PYNQ_301: OBJECT DETECTION¶


The aim of this notebook is to:

  • Understand what is YOLOv3 and VOC.
  • Learn how to use the YOLOv3 model to detect objects in an image and a webcam feed.
  • Learn how to display information on an OLED.

Usefull Term Cheat Sheet:¶

Here is a cheat sheet of some usefull terms that may pop up in this notebook. As always, feel free to ask me (Aamir) any questions!

Term Description
DPU Data Processing Unit
YOLO This is the object detection algorithm we are using!
Overlay Overlays are designs for the FPGA
FPGA Field Programmable Gate Array. This is a special kind of chip that we can reprogram to do many different tasks very efficiently!
Array Another word for list. Multiple variables or items stored under one variable name.
Tensor A multidementional array also known as a matrix. (arrays within arrays)
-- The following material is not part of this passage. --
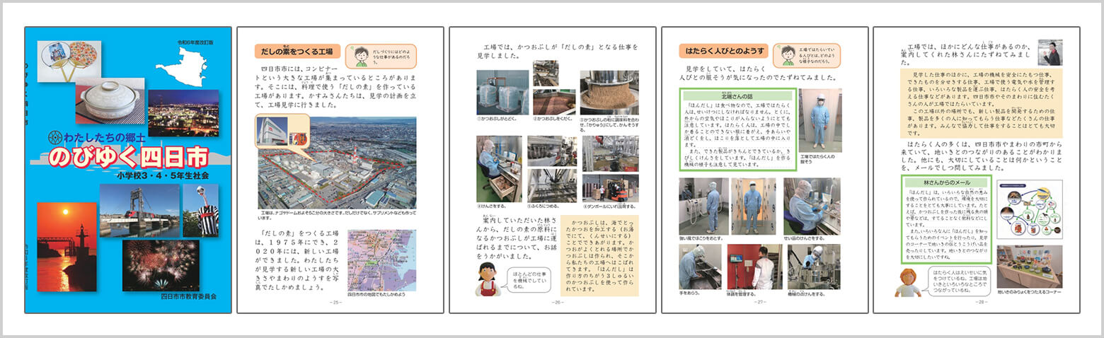 また、個人見学のほかに、学校の授業の一環として行う社会科見学(小学校3年〜5年)も受け入れています。地域の子どもたちの「学びのコンテンツ」として、工場見学が活用されており、四日市市の小学校の社会科の副読本にも取り上げられました。
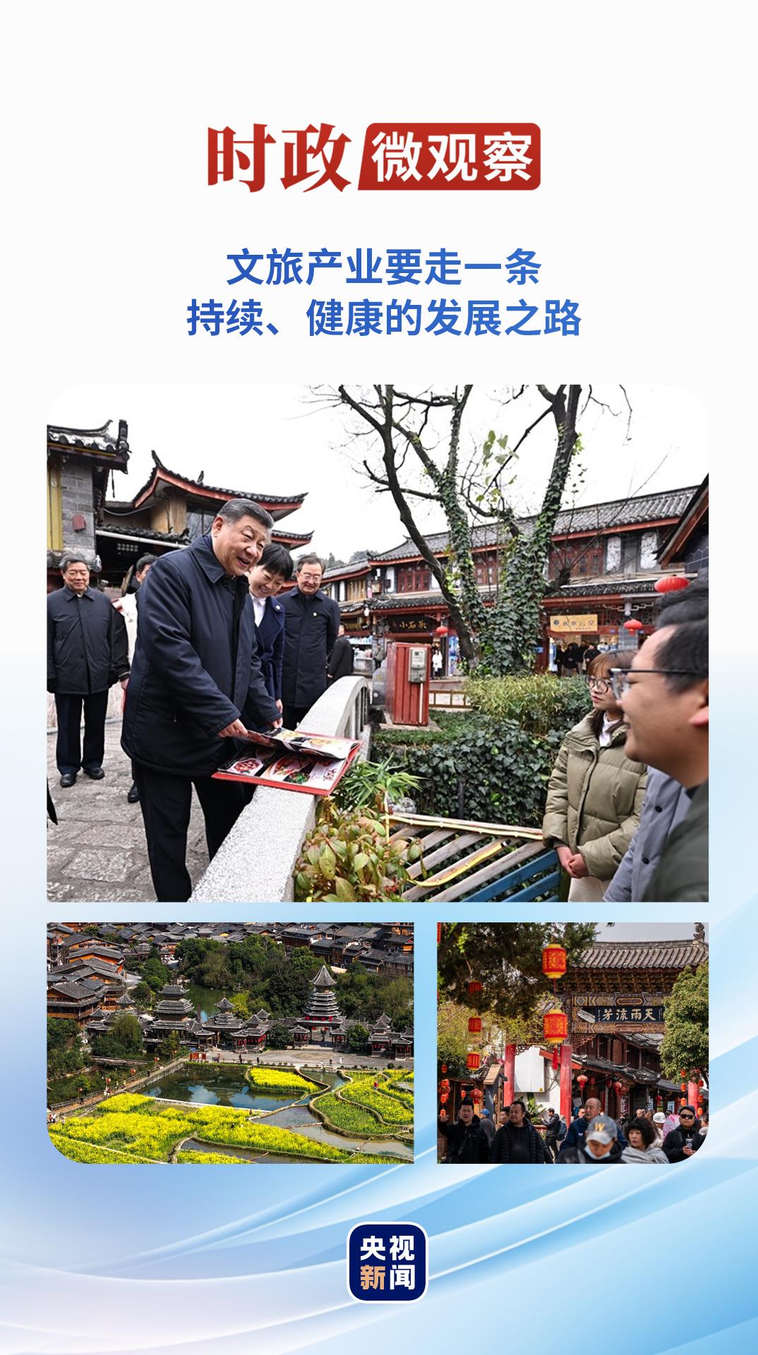 在云南丽江古城,总书记沿着石板路边走边看,与居民和游客亲切交流:“丽江有美丽风光,有特色文化,有很高知名度,一定能走出一条持续健康的文旅发展之路。”他要求当地处理好保护和发展的关系,让这座美丽的古城焕发新的光彩。

| Anchors | They are a set of predefined bounding boxes of a certain height and width. | OLED | We will use an Organic light emitting diode (OLED) display to display some useful information after predictions.

image.png

What is YOLO?¶


image-2.png

You only look once (YOLO) is a Convolutional Neural Network (CNN) for performing object detection in real-time. CNNs are classifier-based systems that can process input images as structured arrays of data and recognize patterns between them.

What is VOC?¶


VOC is a dataset which contains data from the PASCAL Visual Object Classes Challenge. A total of 11540 images are included in this dataset, where each image contains a set of objects, out of 20 different classes, making a total of 27450 annotated objects.
image-3.png
image-4.png

Hardware Setup¶


1. KRIA KV260 Board
image-2.png

2. PYNQ Grove Adapter
image.png

3. OLED Display
image-3.png

4. Webcam
image-5.png

Let's get started¶


1. Prepare the overlay¶

We will download the overlay onto the board.

In [ ]:
from pynq_dpu import DpuOverlay
from pynq_peripherals import PmodGroveAdapter
overlay = DpuOverlay("dpu.bit")
In [ ]:
# Initiate pmod adapter. G4 indicates that the OLED is connected to the G4 slot on the PYNQ Grove Adapter
adapter = PmodGroveAdapter(overlay.PMODA, G4='grove_oled')

2. Utility functions¶

In this section, we will prepare a few functions for later use.

In [ ]:
# Lets import some libraries we will need later on:
import os                                  # The os library provides some functions for interacting with your operation system
import time                                # The time library provides some time related functions 
import numpy as np                         # numpy or np is a library for processing numerical data.
import cv2                                 # cv2 is a library for image processing which we need later
import random                              # This module help in generating pseudo-random number generators
import colorsys                            # This module helps in creating bidrectional conversions of color values
from matplotlib.patches import Rectangle   # This module is used to plot rectangles
import matplotlib.pyplot as plt            # Used to create a figure/ plot areas in a figure, plot lines in a figure
from IPython.display import display, Image # Imports public APIs for display tools in IPython

# This line enables matplotlib graphs to be included in the notebook, next to the code
%matplotlib inline                        

Now we'll load the yolov3 xmodel which is trained on the voc dataset.

In [ ]:
overlay.load_model("tf_yolov3_voc.xmodel")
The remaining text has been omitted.